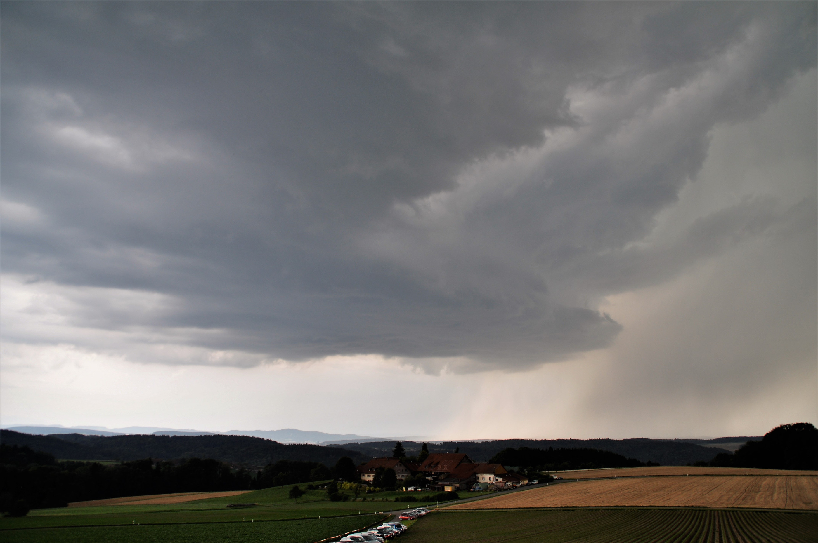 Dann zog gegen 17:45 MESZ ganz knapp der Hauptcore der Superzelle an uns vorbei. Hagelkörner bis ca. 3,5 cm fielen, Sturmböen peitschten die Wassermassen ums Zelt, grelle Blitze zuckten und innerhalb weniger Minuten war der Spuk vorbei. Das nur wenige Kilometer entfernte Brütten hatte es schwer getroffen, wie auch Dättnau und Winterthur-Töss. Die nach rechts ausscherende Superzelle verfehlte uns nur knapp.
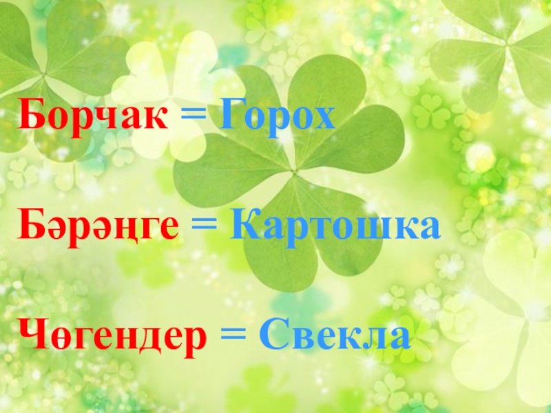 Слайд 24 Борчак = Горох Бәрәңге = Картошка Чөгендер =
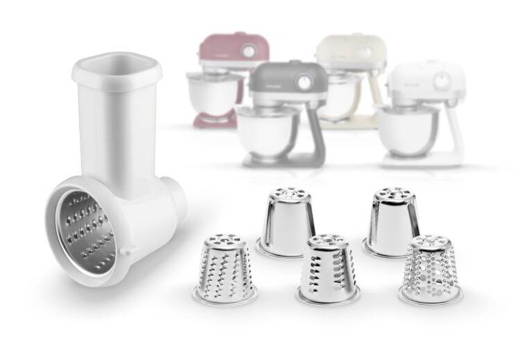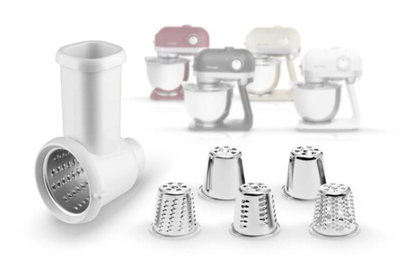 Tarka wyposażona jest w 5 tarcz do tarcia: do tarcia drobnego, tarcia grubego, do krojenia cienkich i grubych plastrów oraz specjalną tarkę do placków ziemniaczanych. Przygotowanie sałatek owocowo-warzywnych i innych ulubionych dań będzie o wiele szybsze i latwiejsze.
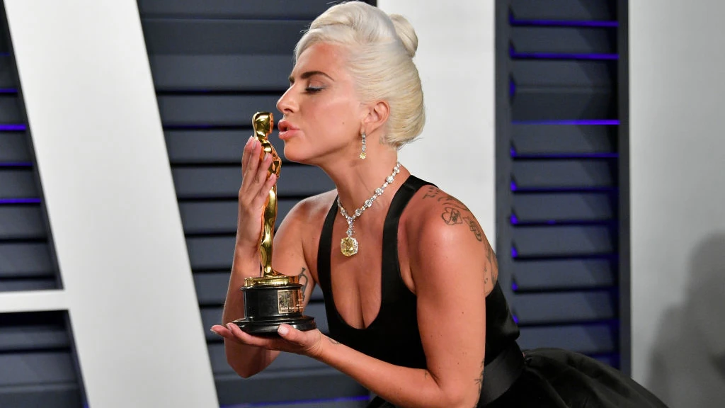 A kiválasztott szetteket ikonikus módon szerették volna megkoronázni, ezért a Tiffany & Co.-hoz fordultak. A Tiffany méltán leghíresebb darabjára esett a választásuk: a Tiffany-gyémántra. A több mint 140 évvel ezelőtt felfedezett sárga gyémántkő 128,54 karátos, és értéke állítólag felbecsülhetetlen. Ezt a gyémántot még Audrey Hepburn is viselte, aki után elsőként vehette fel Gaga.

...

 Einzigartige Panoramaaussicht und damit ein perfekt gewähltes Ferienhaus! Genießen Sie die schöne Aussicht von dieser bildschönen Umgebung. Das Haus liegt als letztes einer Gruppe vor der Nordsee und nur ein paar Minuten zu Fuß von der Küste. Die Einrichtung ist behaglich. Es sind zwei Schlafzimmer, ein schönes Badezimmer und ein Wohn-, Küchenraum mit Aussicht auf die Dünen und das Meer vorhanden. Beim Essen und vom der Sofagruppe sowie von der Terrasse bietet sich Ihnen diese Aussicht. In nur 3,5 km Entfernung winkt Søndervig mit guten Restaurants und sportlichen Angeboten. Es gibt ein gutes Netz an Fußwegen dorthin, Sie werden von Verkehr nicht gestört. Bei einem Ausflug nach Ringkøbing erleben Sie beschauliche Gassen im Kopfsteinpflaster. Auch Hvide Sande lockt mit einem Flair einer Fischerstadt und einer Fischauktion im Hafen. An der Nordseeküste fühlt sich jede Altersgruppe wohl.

---

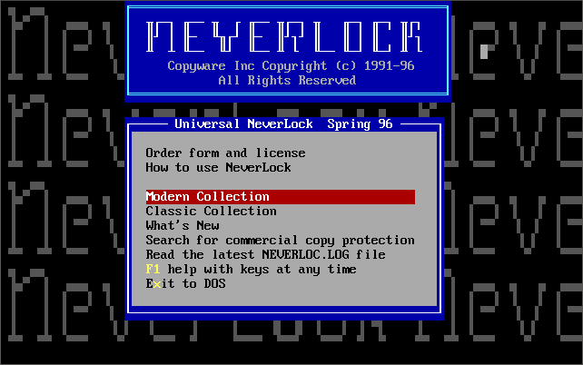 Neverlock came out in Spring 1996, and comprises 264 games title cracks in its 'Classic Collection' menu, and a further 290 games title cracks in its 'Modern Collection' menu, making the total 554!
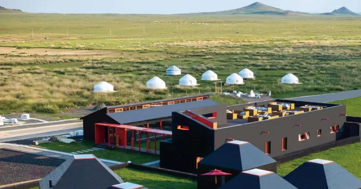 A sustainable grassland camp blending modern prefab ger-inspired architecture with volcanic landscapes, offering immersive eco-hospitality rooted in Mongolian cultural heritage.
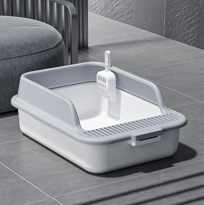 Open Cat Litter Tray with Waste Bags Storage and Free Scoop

◆ WORK REQUIRED ◆
From the records above, copy only the lines running from the line containing "Слайд 24 Борчак" to the line containing "A kiválasztott szetteket", both ends included. Leave the pictures out.

◆ ANSWER TO THE PROBLEM ◆
 Слайд 24 Борчак = Горох Бәрәңге = Картошка Чөгендер =
 Tarka wyposażona jest w 5 tarcz do tarcia: do tarcia drobnego, tarcia grubego, do krojenia cienkich i grubych plastrów oraz specjalną tarkę do placków ziemniaczanych. Przygotowanie sałatek owocowo-warzywnych i innych ulubionych dań będzie o wiele szybsze i latwiejsze.
 A kiválasztott szetteket ikonikus módon szerették volna megkoronázni, ezért a Tiffany & Co.-hoz fordultak. A Tiffany méltán leghíresebb darabjára esett a választásuk: a Tiffany-gyémántra. A több mint 140 évvel ezelőtt felfedezett sárga gyémántkő 128,54 karátos, és értéke állítólag felbecsülhetetlen. Ezt a gyémántot még Audrey Hepburn is viselte, aki után elsőként vehette fel Gaga.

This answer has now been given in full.